(Collection entries)
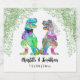 Aprecie seus hóspedes com esta alegria e colorida noiva de dinossauros e o tema do dinossauro do noivo. Tiranossauro Rex dino noiva e noiva coloridas divertidas Tyrannosaurus Rex dino em matizes cor-de-rosa verde-amarelas e folhagem verde da selva, com nomes fáceis de personalizar noivas e noivos e a data do casamento em um moderno roteiro tipográfico caprichoso. Trabalho de arte único original de dino pela artista Catherine Sweetman
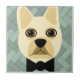 French Bulldog, Green Herringbone Tile
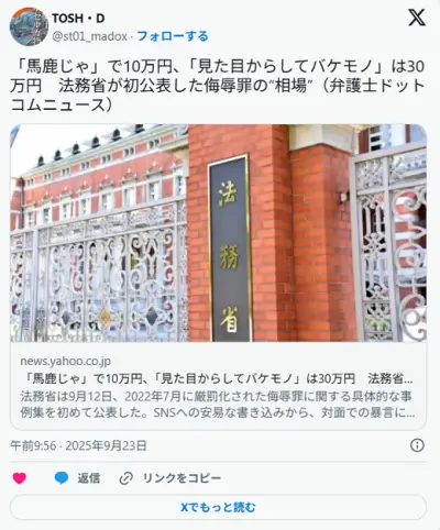 「馬鹿じゃ」で10万円、「見た目からしてバケモノ」は30万円 法務省が初公表した侮辱罪の“相場” 匿名掲示板やSNSで執拗かつ悪質…
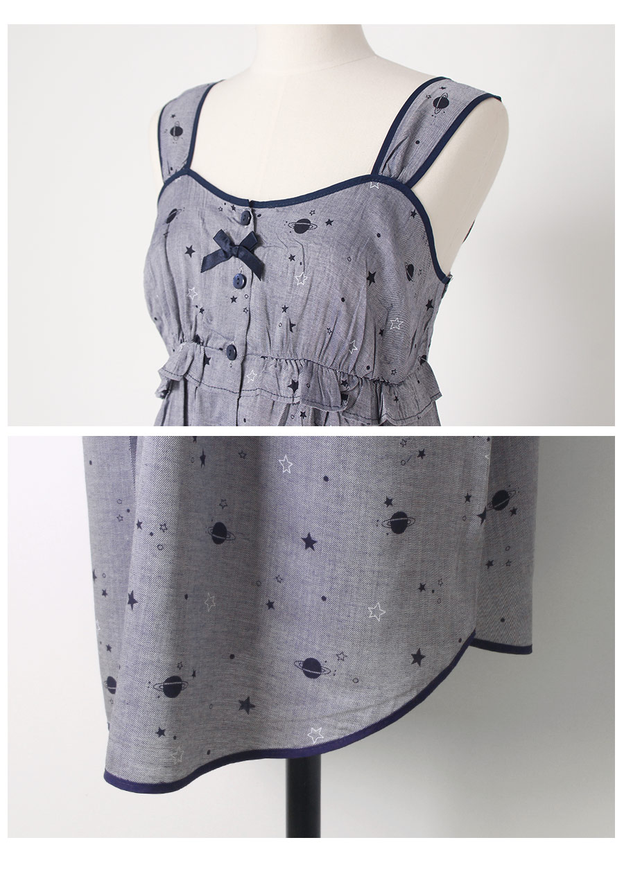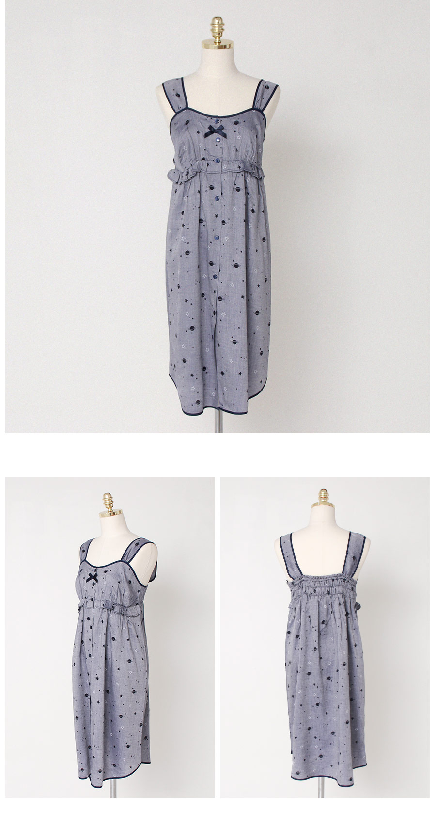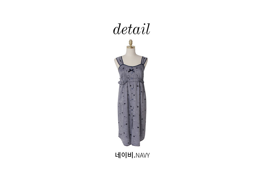 그레이네이비 컬러의 실을 고급스럽게 짠 원단 베이스 위에 우주 느낌이 나는 모티브를 쟈카드로 짠 원단이랍니다. 직접 개발한 원단으로 소장가치가 높은 고급스러운 원단의 잠옷이에요. 피부에 닿았을 때, 부드럽고 시원한 터칭감의 레이온 소재로 봄, 여름에 입기 좋습니다. 40수 레이온 소재로 탄탄하고 고급스러우며 드레이프성이 좋아 체형의 결점을 자연스럽게 보완해줍니다. DETAIL 네이비 컬러의 원단으로 깔끔하게 포인트를 준 디자인으로 심플하지만 돋보이는 고급스러운 디자인의 잠옷이랍니다. 바스트 라인은 곡선을 따라 패턴을 제작하고 볼륨감이 있어보이는 라인으로 실루엣이 더욱 예뻐보입니다. 안정감 있는 너비의 제천 스트랩으로 착용감이 좋습니다. 전체 클로징 버튼을 달아 탈 착용이 편리합니다. 뒷 부분은 3중 밴딩으로 안정감 있게 잡아줍니다. 곡선패턴을 응용해서 제작한 잠옷으로 깔끔하지만 디테일한 부분 하나까지도 놓치지 않은 스타일의 슬립웨어랍니다. 흐늘거리는 소재인 만큼 까다로운 봉제 작업이 들어간 슬립웨어로 소장가치가 높습니다. 고급스러운 컬러감과 디자인이 돋보이는 슬립웨어로 강력추천해 드립니다. 100%국내 제작으로 소재, 디자인, 봉제의 퀄리티가 높습니다. SIZE 44반~66size까지 커버 가능한 free사이즈 입니다.
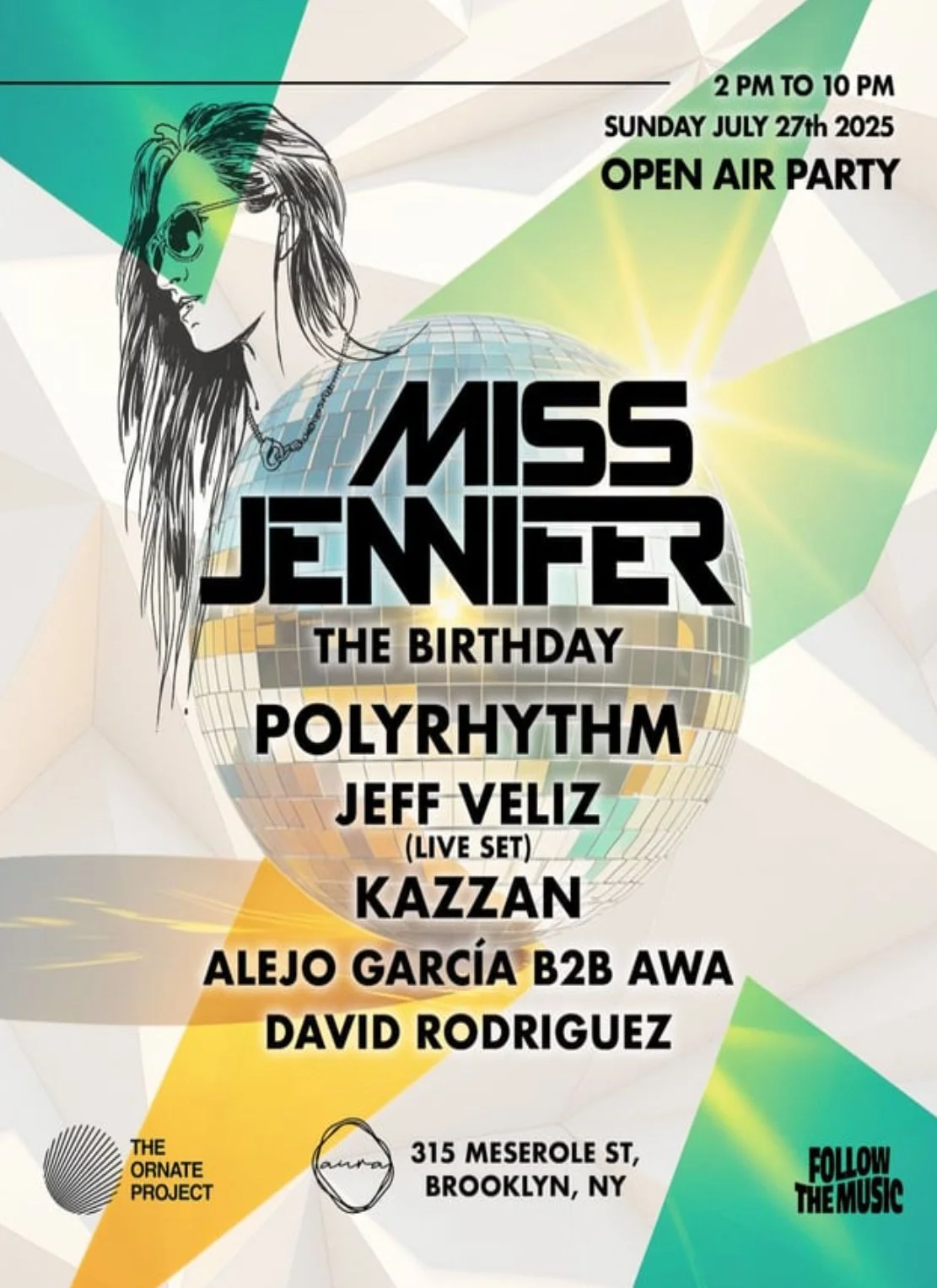 Join us for our first OPEN AIR, Follow The Music Event on 7/27, with MISS JENNIFER, Polyrhythm, Jeff Veliz & More!
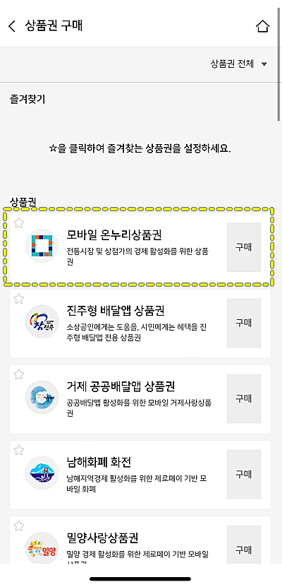 그럼 아래와 같이 제일 상단에 모바일 온누리 상품권을 확인할 수 있습니다. 선택해서 구매하시면 됩니다.
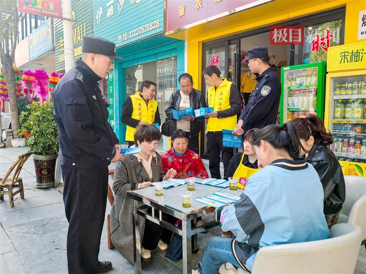 “不要轻易点击陌生人发来的链接,针对新型骗局要提高警惕,多学点防诈技巧。谨记,天上不会掉馅饼!”3月21日,在湖北省襄阳市保康县寺坪镇大宏街,民警和“反诈黄金甲”志愿者正在向群众宣讲反诈知识。
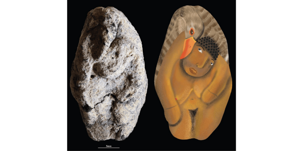 Title Image: The 12,000-year-old Natufian clay figurine from Nahal Ein Gev II, depicting a woman leaning forward and a goose enveloping her (accompanied by an artistic reconstruction); Credit: Laurent Davin
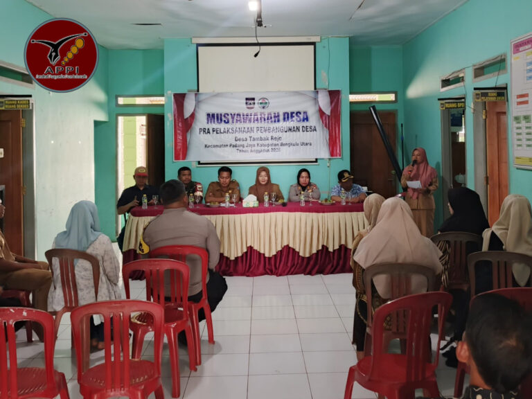 Melalui musyawarah ini, diharapkan seluruh rangkaian pembangunan di Desa Tambak Rejo dapat berjalan lancar, tepat waktu, serta memberikan manfaat nyata bagi peningkatan kesejahteraan masyarakat setempat. (APPI)
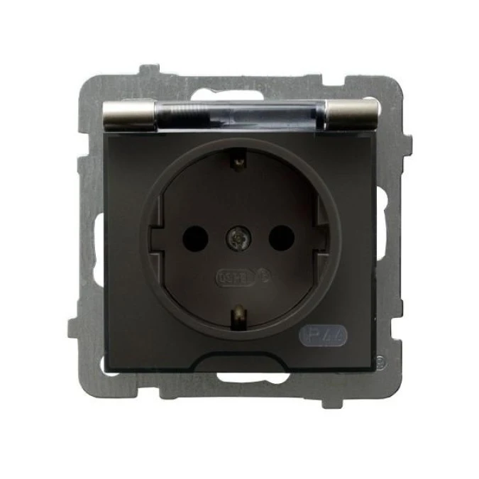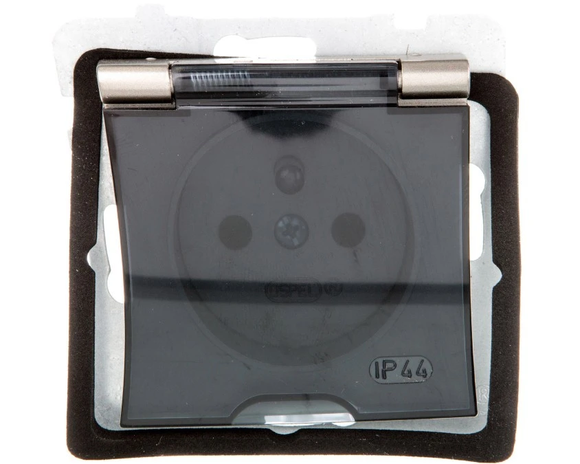 7. AS Gniazdo bryzgoszczelne z/u IP44 z przesłonami klapka przezroczysta satyna light GPH-1GZP/m/45/d 55.02
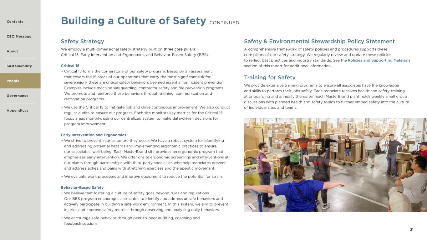 21 Safety Strategy We employ a multi-dimensional safety strategy built on three core pillars: Critical 15, Early Intervention and Ergonomics, and Behavior-Based Safety (BBS). Critical 15 • Critical 15 forms the cornerstone of our safety program. Based on an assessment that covers the 15 areas of our operations that carry the most significant risk for severe injury, these are critical safety behaviors deemed essential for incident prevention. Examples include machine safeguarding, contractor safety and fire prevention programs. We promote and reinforce these behaviors through training, communication and recognition programs. • We use the Critical 15 to mitigate risk and drive continuous improvement. We also conduct regular audits to ensure our progress. Each site monitors key metrics for the Critical 15 focus areas monthly, using our centralized system to make data-driven decisions for program improvement. Early Intervention and Ergonomics • We strive to prevent injuries before they occur. We have a robust system for identifying and addressing potential hazards and implementing ergonomic practices to ensure our associates’ well-being. Each MasterBrand site provides an ergonomic program that emphasizes early intervention. We offer onsite ergonomic screenings and interventions at our plants through partnerships with third-party specialists who help associates prevent and address aches and pains with stretching exercises and therapeutic movement. • We evaluate work processes and improve equipment to reduce the potential for strain. Behavior-Based Safety • We believe that fostering a culture of safety goes beyond rules and regulations. Our BBS program encourages associates to identify and address unsafe behaviors and actively participate in building a safe work environment. In this system, we aim to prevent injuries and improve safety metrics through observing and analyzing daily behaviors. • We encourage safe behavior through peer-to-peer auditing, coaching and feedback sessions. Building a Culture of Safety CONTINUED Safety & Environmental Stewardship Policy Statement A comprehensive framework of safety policies and procedures supports these core pillars of our safety strategy. We regularly review and update these policies to reflect best practices and industry standards. See the Policies and Supporting Materials section of this report for additional information. Training for Safety We provide extensive training programs to ensure all associates have the knowledge and skills to perform their jobs safely. Each associate receives health and safety training at onboarding and annually thereafter. Each MasterBrand plant holds weekly small group discussions with planned health and safety topics to further embed safety into the culture of individual sites and teams. Contents CEO Message About Sustainability Governance Appendices People
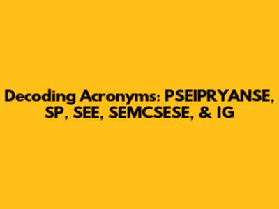 Decoding Acronyms: PSEIPRYANSE, SP, SEE, SEMCSESE, & IG

**Exercise brief**. Set down every record exactly, without the pictures.

**Task result**.
 Aprecie seus hóspedes com esta alegria e colorida noiva de dinossauros e o tema do dinossauro do noivo. Tiranossauro Rex dino noiva e noiva coloridas divertidas Tyrannosaurus Rex dino em matizes cor-de-rosa verde-amarelas e folhagem verde da selva, com nomes fáceis de personalizar noivas e noivos e a data do casamento em um moderno roteiro tipográfico caprichoso. Trabalho de arte único original de dino pela artista Catherine Sweetman
 French Bulldog, Green Herringbone Tile
 「馬鹿じゃ」で10万円、「見た目からしてバケモノ」は30万円 法務省が初公表した侮辱罪の“相場” 匿名掲示板やSNSで執拗かつ悪質…
 그레이네이비 컬러의 실을 고급스럽게 짠 원단 베이스 위에 우주 느낌이 나는 모티브를 쟈카드로 짠 원단이랍니다. 직접 개발한 원단으로 소장가치가 높은 고급스러운 원단의 잠옷이에요. 피부에 닿았을 때, 부드럽고 시원한 터칭감의 레이온 소재로 봄, 여름에 입기 좋습니다. 40수 레이온 소재로 탄탄하고 고급스러우며 드레이프성이 좋아 체형의 결점을 자연스럽게 보완해줍니다. DETAIL 네이비 컬러의 원단으로 깔끔하게 포인트를 준 디자인으로 심플하지만 돋보이는 고급스러운 디자인의 잠옷이랍니다. 바스트 라인은 곡선을 따라 패턴을 제작하고 볼륨감이 있어보이는 라인으로 실루엣이 더욱 예뻐보입니다. 안정감 있는 너비의 제천 스트랩으로 착용감이 좋습니다. 전체 클로징 버튼을 달아 탈 착용이 편리합니다. 뒷 부분은 3중 밴딩으로 안정감 있게 잡아줍니다. 곡선패턴을 응용해서 제작한 잠옷으로 깔끔하지만 디테일한 부분 하나까지도 놓치지 않은 스타일의 슬립웨어랍니다. 흐늘거리는 소재인 만큼 까다로운 봉제 작업이 들어간 슬립웨어로 소장가치가 높습니다. 고급스러운 컬러감과 디자인이 돋보이는 슬립웨어로 강력추천해 드립니다. 100%국내 제작으로 소재, 디자인, 봉제의 퀄리티가 높습니다. SIZE 44반~66size까지 커버 가능한 free사이즈 입니다.
 Join us for our first OPEN AIR, Follow The Music Event on 7/27, with MISS JENNIFER, Polyrhythm, Jeff Veliz & More!
 그럼 아래와 같이 제일 상단에 모바일 온누리 상품권을 확인할 수 있습니다. 선택해서 구매하시면 됩니다.
 “不要轻易点击陌生人发来的链接,针对新型骗局要提高警惕,多学点防诈技巧。谨记,天上不会掉馅饼!”3月21日,在湖北省襄阳市保康县寺坪镇大宏街,民警和“反诈黄金甲”志愿者正在向群众宣讲反诈知识。
 Title Image: The 12,000-year-old Natufian clay figurine from Nahal Ein Gev II, depicting a woman leaning forward and a goose enveloping her (accompanied by an artistic reconstruction); Credit: Laurent Davin
 Melalui musyawarah ini, diharapkan seluruh rangkaian pembangunan di Desa Tambak Rejo dapat berjalan lancar, tepat waktu, serta memberikan manfaat nyata bagi peningkatan kesejahteraan masyarakat setempat. (APPI)
 7. AS Gniazdo bryzgoszczelne z/u IP44 z przesłonami klapka przezroczysta satyna light GPH-1GZP/m/45/d 55.02
 21 Safety Strategy We employ a multi-dimensional safety strategy built on three core pillars: Critical 15, Early Intervention and Ergonomics, and Behavior-Based Safety (BBS). Critical 15 • Critical 15 forms the cornerstone of our safety program. Based on an assessment that covers the 15 areas of our operations that carry the most significant risk for severe injury, these are critical safety behaviors deemed essential for incident prevention. Examples include machine safeguarding, contractor safety and fire prevention programs. We promote and reinforce these behaviors through training, communication and recognition programs. • We use the Critical 15 to mitigate risk and drive continuous improvement. We also conduct regular audits to ensure our progress. Each site monitors key metrics for the Critical 15 focus areas monthly, using our centralized system to make data-driven decisions for program improvement. Early Intervention and Ergonomics • We strive to prevent injuries before they occur. We have a robust system for identifying and addressing potential hazards and implementing ergonomic practices to ensure our associates’ well-being. Each MasterBrand site provides an ergonomic program that emphasizes early intervention. We offer onsite ergonomic screenings and interventions at our plants through partnerships with third-party specialists who help associates prevent and address aches and pains with stretching exercises and therapeutic movement. • We evaluate work processes and improve equipment to reduce the potential for strain. Behavior-Based Safety • We believe that fostering a culture of safety goes beyond rules and regulations. Our BBS program encourages associates to identify and address unsafe behaviors and actively participate in building a safe work environment. In this system, we aim to prevent injuries and improve safety metrics through observing and analyzing daily behaviors. • We encourage safe behavior through peer-to-peer auditing, coaching and feedback sessions. Building a Culture of Safety CONTINUED Safety & Environmental Stewardship Policy Statement A comprehensive framework of safety policies and procedures supports these core pillars of our safety strategy. We regularly review and update these policies to reflect best practices and industry standards. See the Policies and Supporting Materials section of this report for additional information. Training for Safety We provide extensive training programs to ensure all associates have the knowledge and skills to perform their jobs safely. Each associate receives health and safety training at onboarding and annually thereafter. Each MasterBrand plant holds weekly small group discussions with planned health and safety topics to further embed safety into the culture of individual sites and teams. Contents CEO Message About Sustainability Governance Appendices People
 Decoding Acronyms: PSEIPRYANSE, SP, SEE, SEMCSESE, & IG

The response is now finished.